* **Assignment**
Using the listing below, please print exactly the lines from the one with "2024新型ベルベット百合ス" through the one with "Made of high". Leave out every picture.

* **Available records**
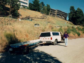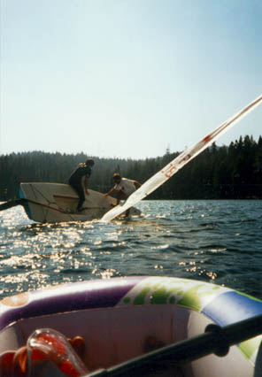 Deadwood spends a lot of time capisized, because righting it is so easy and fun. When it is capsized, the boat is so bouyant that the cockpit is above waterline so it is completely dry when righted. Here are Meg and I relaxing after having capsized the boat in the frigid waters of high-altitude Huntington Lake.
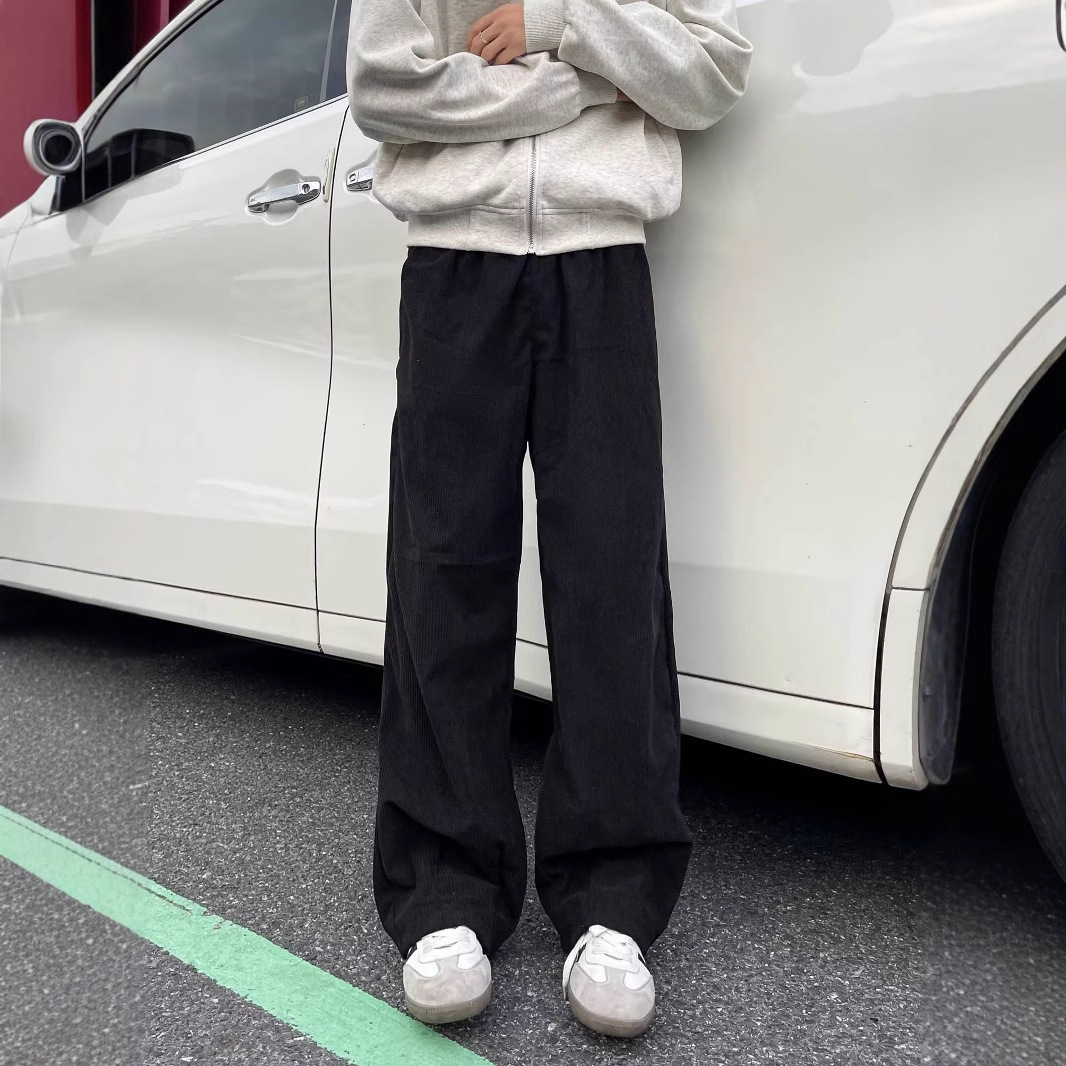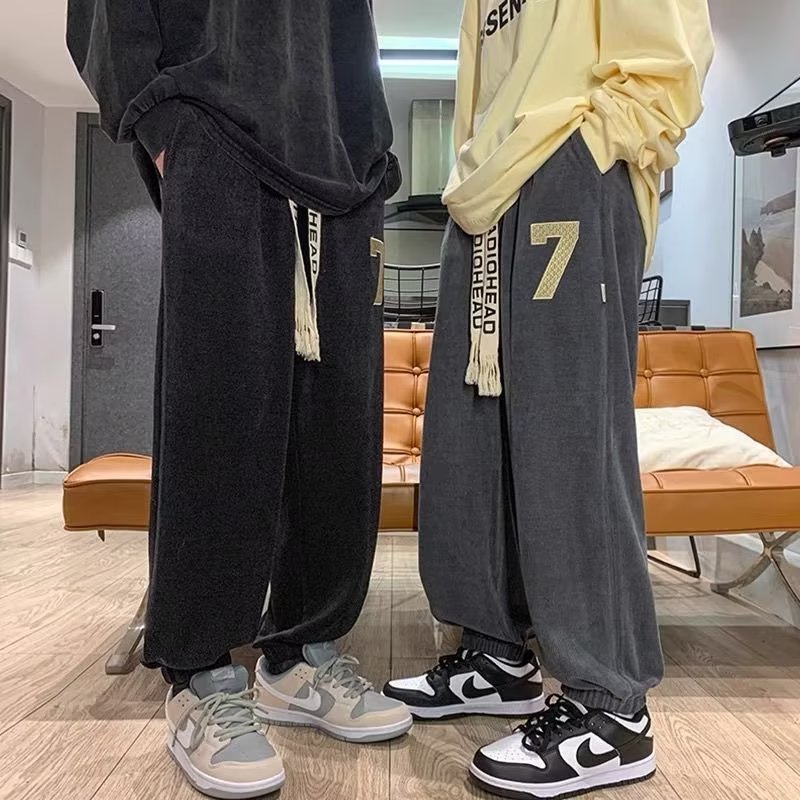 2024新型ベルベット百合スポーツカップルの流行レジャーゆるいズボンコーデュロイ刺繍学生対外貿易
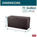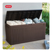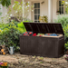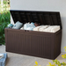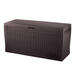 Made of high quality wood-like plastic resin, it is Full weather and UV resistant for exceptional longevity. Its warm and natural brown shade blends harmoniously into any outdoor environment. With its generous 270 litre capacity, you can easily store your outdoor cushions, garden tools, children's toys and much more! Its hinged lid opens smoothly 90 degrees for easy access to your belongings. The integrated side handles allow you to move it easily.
* * *
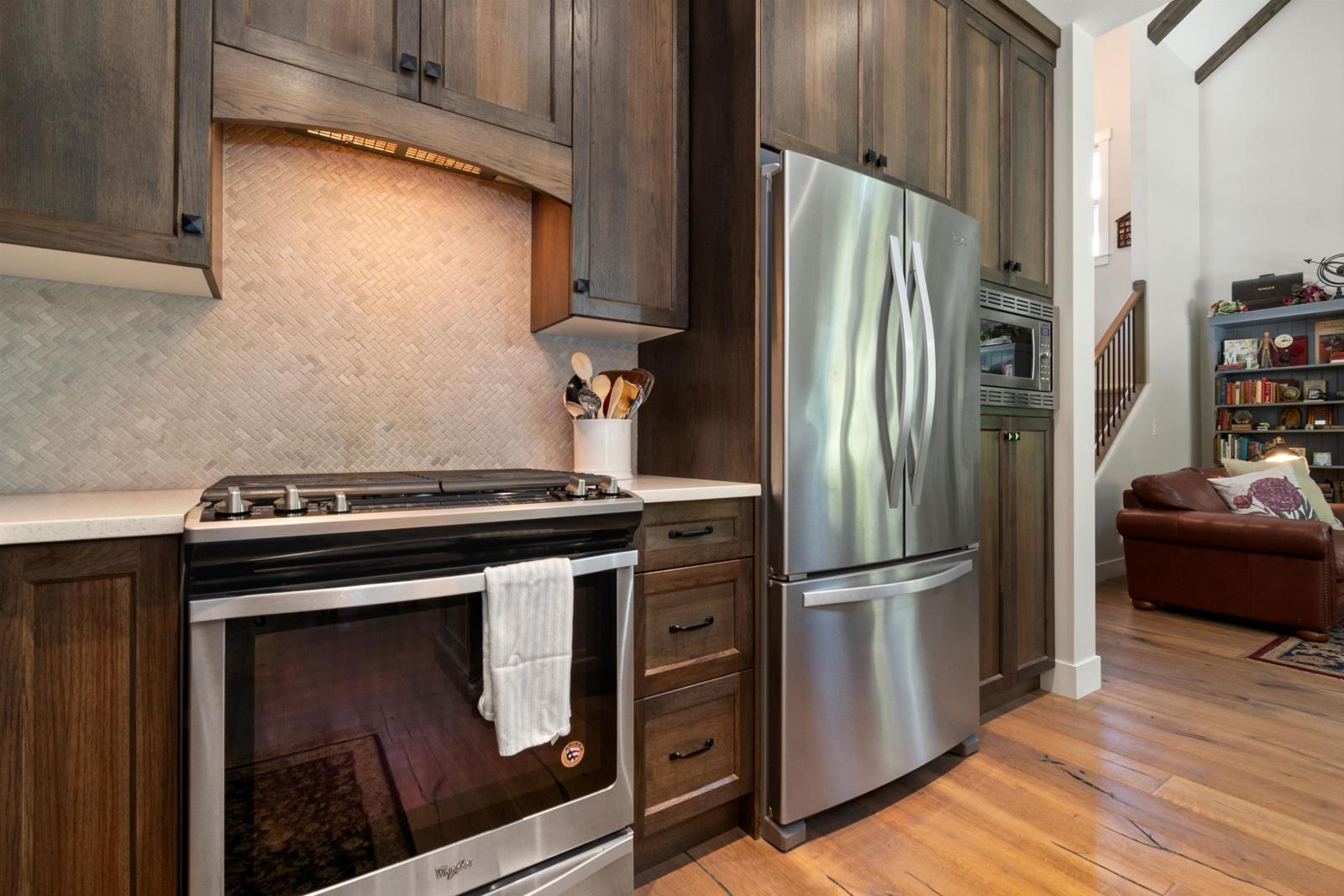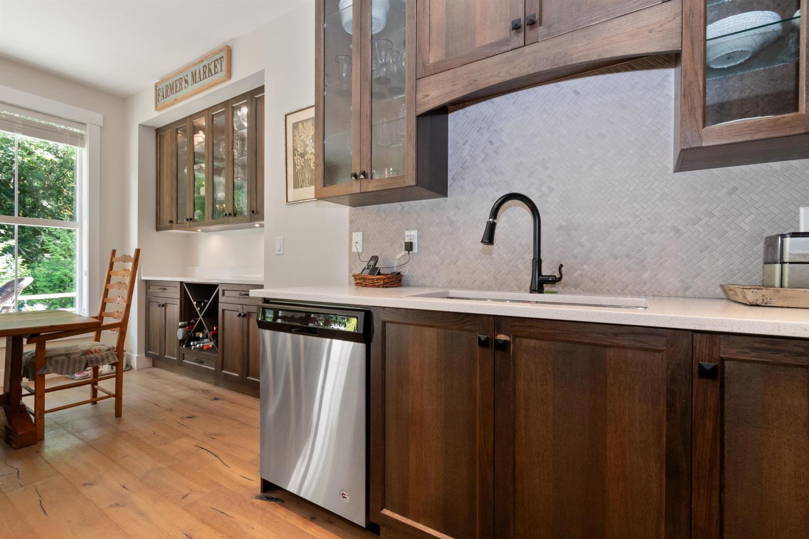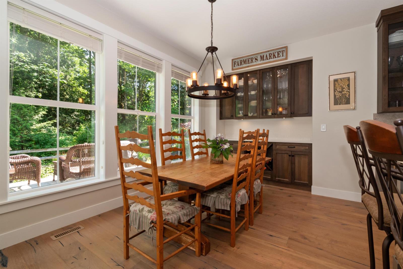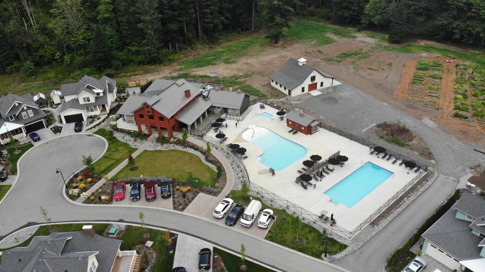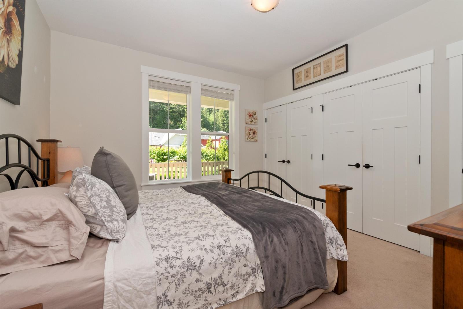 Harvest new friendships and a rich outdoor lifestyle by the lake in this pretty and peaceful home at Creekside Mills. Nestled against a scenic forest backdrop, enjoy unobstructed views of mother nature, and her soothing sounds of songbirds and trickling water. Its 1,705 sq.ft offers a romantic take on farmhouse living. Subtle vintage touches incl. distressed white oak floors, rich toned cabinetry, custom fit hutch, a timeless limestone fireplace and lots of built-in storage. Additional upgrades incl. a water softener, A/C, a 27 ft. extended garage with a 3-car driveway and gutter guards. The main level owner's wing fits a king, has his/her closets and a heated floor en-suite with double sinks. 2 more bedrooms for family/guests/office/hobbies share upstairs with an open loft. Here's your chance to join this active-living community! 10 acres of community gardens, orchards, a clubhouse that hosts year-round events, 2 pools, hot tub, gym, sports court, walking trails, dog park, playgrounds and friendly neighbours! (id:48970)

* **Response**
 2024新型ベルベット百合スポーツカップルの流行レジャーゆるいズボンコーデュロイ刺繍学生対外貿易
 Made of high quality wood-like plastic resin, it is Full weather and UV resistant for exceptional longevity. Its warm and natural brown shade blends harmoniously into any outdoor environment. With its generous 270 litre capacity, you can easily store your outdoor cushions, garden tools, children's toys and much more! Its hinged lid opens smoothly 90 degrees for easy access to your belongings. The integrated side handles allow you to move it easily.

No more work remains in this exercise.